Defunct Major League Lacrosse team

The Hamilton Nationals were a Major League Lacrosse (MLL) professional men's field lacrosse team based in Hamilton, Ontario, Canada. They began play in the 2009 season in Toronto, Ontario as the Toronto Nationals, becoming the first-ever Canadian MLL team. In 2009, they played their home games at BMO Field, which is also home to Major League Soccer's Toronto FC but moved to the smaller Lamport Stadium for the 2010 season. On February 3, 2011, the Nationals announced that they were relocating to Hamilton, Ontario, and would play their home games at Ron Joyce Stadium on the campus of McMaster University. On 21 November 2013, MLL announced that the team would not participate in the 2014 season, with most of the players being transferred to the expansion Florida Launch.

The Hamilton Nationals' identity represented both the Canadian and Iroquois communities. The team's logo incorporated the Canadian maple leaf and the Iroquois Five Nations belt pattern taken from each respective flag. Additionally, they continuously signed Iroquois players.

== Franchise history ==
The Nationals had their roots in the MLL's charter franchise the Rochester Rattlers. Before the 2009 season, part of the Rattlers' roster was transferred to the new Nationals' team; however, the name, colors, and history stayed behind in Rochester to be potentially used by a future MLL team. In November 2010, it was reported that the Chicago Machine had moved to Rochester, NY and resumed operation of the Rattlers franchise.

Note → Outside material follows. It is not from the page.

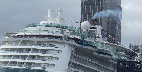 The Directions aim to reduce exhaust emissions of sulphur oxides and other particulate matter from cruise ships berthed in Sydney Harbour. Visible discharge from a ship’s exhaust stack/s is still possible even when low sulphur fuel or an exhaust gas cleaning system, or scrubber, is being used. In particular, the water used in scrubber systems to remove the bulk of the sulphur and particulate matter produces steam, which is visible from the exhaust stack—as shown by the following photo.

The Nationals started play in the MLL on May 15, 2009 and won against Washington Bayhawks 17–16. They won their first home game over the Chicago Machine 15–11. The Nationals qualified for the playoffs as the second seed with a 7–5 record and the best offense in MLL with 184 goals for. The Nationals played their first playoff game against the Long Island Lizards at Navy–Marine Corps Memorial Stadium in Annapolis, Maryland. Toronto won their semi-final matchup 14–13 thanks to a strong game by Merrick Thomson scoring 4 goals. Toronto (at the time) went on to face the Denver Outlaws in the Steinfeld Cup Final. The Nationals were tied with the Outlaws 9–9 with over a minute to go in the game. Nationals head coach Dave Huntley called a time-out to draw out a strategy. With 45 seconds left to go, Joe Walters passed to Shawn Williams and Williams scored the winning goal to give the Toronto Nationals their first championship victory 10–9 over the Denver Outlaws. Merrick Thomson was named Playoff MVP and Brodie Merrill won the Major League Lacrosse Defensive player of the Year Award. In 2009 their home field was BMO Field and for 2010 at Lamport Stadium.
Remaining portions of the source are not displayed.